Access to public health services

Of the results obtained by the sample of the 13 locations with significant populations, 66% have medical services and 34% (20,363 inhabitants) do not (Mexican National Institute of Statistics and Geography (INEGI), 2010).

The total number of households in the 151 locations is 7,879, of which 6,122 are headed by a male or head of a family (78%) and 1,757 are female-headed (22%) (Mexican National Institute of Statistics and Geography (INEGI), 2010).

The households in which the head of family is male account for 81% of the total population, which corresponds to 25,690 inhabitants; the households whose head of family was a woman are 19% (5,959 inhabitants) (Mexican National Institute of Statistics and Geography (INEGI), 2010).

Housing conditions

Of the 11,649 homes surveyed, 11,545 homes are private and only 7,959 (68%) are inhabited dwellings; the density is 4 inhabitants per house (Mexican National Institute of Statistics and Geography (INEGI), 2010).

Of the 7,879 inhabited private homes, 96% have a different floor than the land and only 4% have a dirt floor; 70% have two or more bedrooms; 90% (7,080) of the houses are made up of three or more rooms (kitchen, bathroom, living room, bedroom, etc.) (Mexican National Institute of Statistics and Geography (INEGI), 2010).

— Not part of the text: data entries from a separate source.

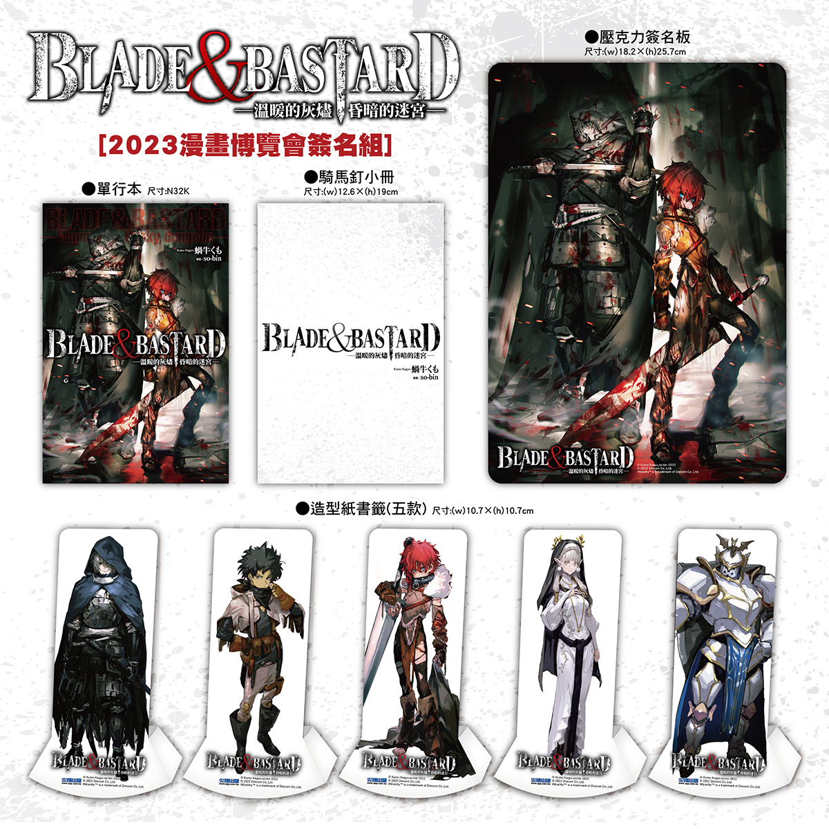 2023年漫畫博覽會來台限定!『BLADE & BASTARD (01) -溫暖的灰燼,昏暗的迷宮- 2023年漫畫博覽會簽名組』含第一集單行本、一本騎馬釘小冊、一份精美壓克力簽名板、五款造型書籤,詳細商品資訊與更多注意事項請見尖端網路書店簽名套組販售頁面,商品數量有限,售完為止!
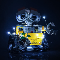 The image shows a robotic figure, which is based on the design of WALL-E from the animated movie "WALL-E." This figure has been created with Lego bricks and components to represent the character. It's a creative representation that blends elements of Lego construction with the iconic design of WALL-E.
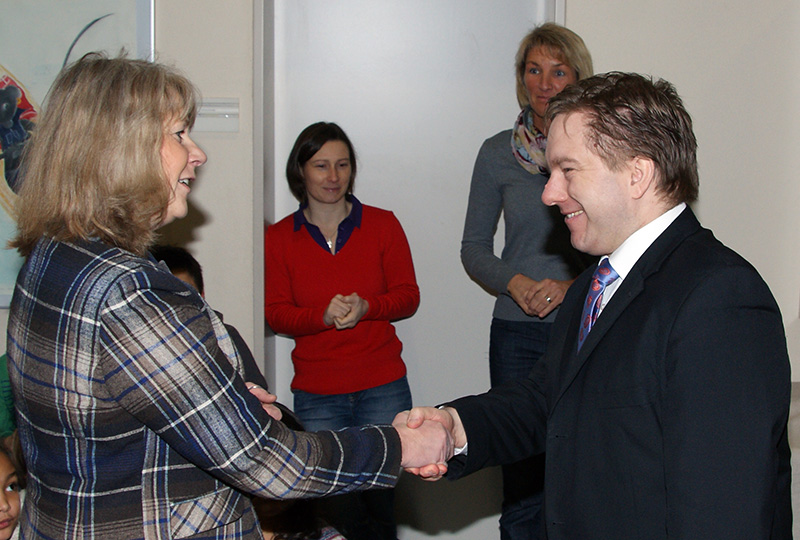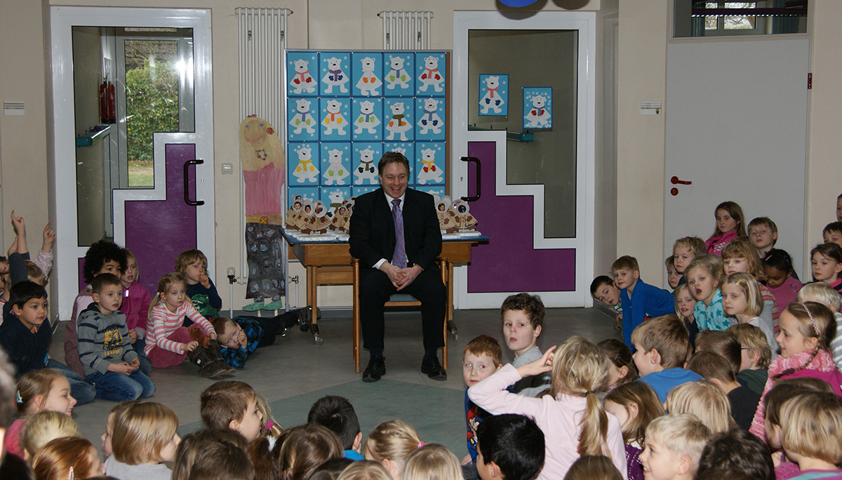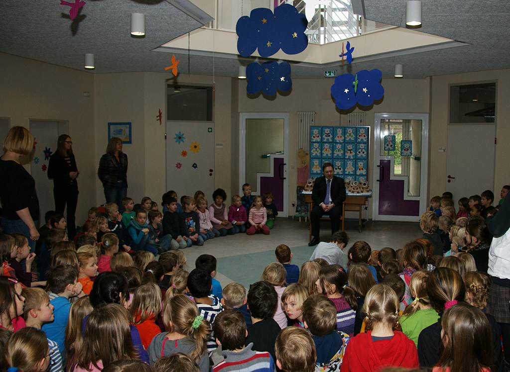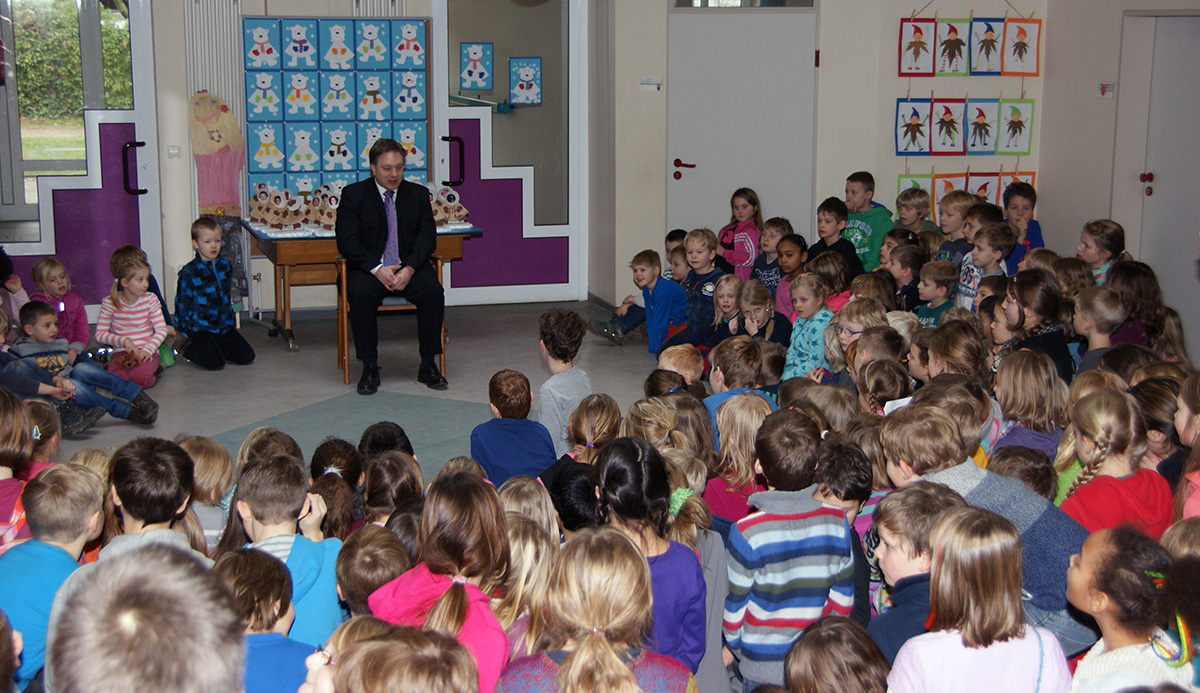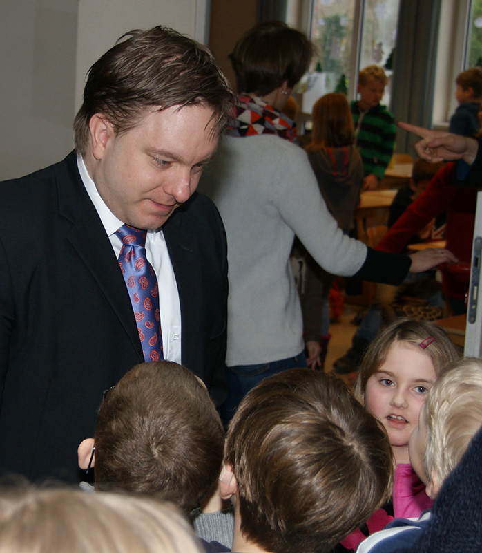 Der neue Bürgermeister Jan Edo Albers stellt sich in der Schule vor.
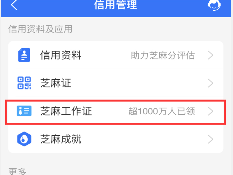 3、点击“芝麻工作证”按钮,进入芝麻工作证的页面。

A total of 98% of the houses have electricity service, 94% have piped water service, 91% have a toilet, and 84% have drainage service connected to a municipal network, 80.3% of the total houses studied in this analysis have all of the aforementioned services (Mexican National Institute of Statistics and Geography (INEGI), 2010).

Marginalization index

According to the data provided by CONAPO (Comisión Nacional de Población) in 2015, the municipality of Canatlán showed an index of marginalization of −0.822, Nuevo Ideal −1.001 y Santiago Papasquiaro −0.676, which places the basin of the Laguna de Santiaguillo in a low degree of marginalization (National Population Commission of Mexico (CONAPO), 2015).

The aim of this article is to evaluate the availability of water in Laguna de Santiaguillo basin derived from the overexploitation of the aquifer to propose the main ideas to get some sustainable mitigation measures.

Materials and Methods

To get the characterization of the sub-basin, the data employed was vector and demographic obtained from the National Institute of Geography, Informatics and Statistics (INEGI) and it was processed using geographic information systems. The information of the hydraulic infrastructure of the principal rivers in the zone, the public register of the rights of water and some of the vector data were obtained from the National Commission of Water (CONAGUA). Meteorological information was collected from the register of National Meteorology Service (SMN) (https://smn.conagua.gob.mx/es/informacion-climatologica-por-estado?estado=dgo) and the spatial analysis was made using the computer package Arcgis 9.3.

In the field, the outline of the sub-basin in the plane zones was studied by giving a terrestrial travel verifying the watersheds corresponding to the limits of the sub-basin. A GPS Garming Oreon 550 was used, along with a UTM coordinate system with a Datum WGS84.

Each micro-basin was overlaid by layers putting together the natural data that influences the water availability. The vector layers of hydraulic infrastructure, roads, locations, and Agricola zone were used to get the anthropic factors and the influence they have in the zone following water availability. This allowed to attain knowledge of the natural dynamic and social conditions about the water use and cycle in the zone.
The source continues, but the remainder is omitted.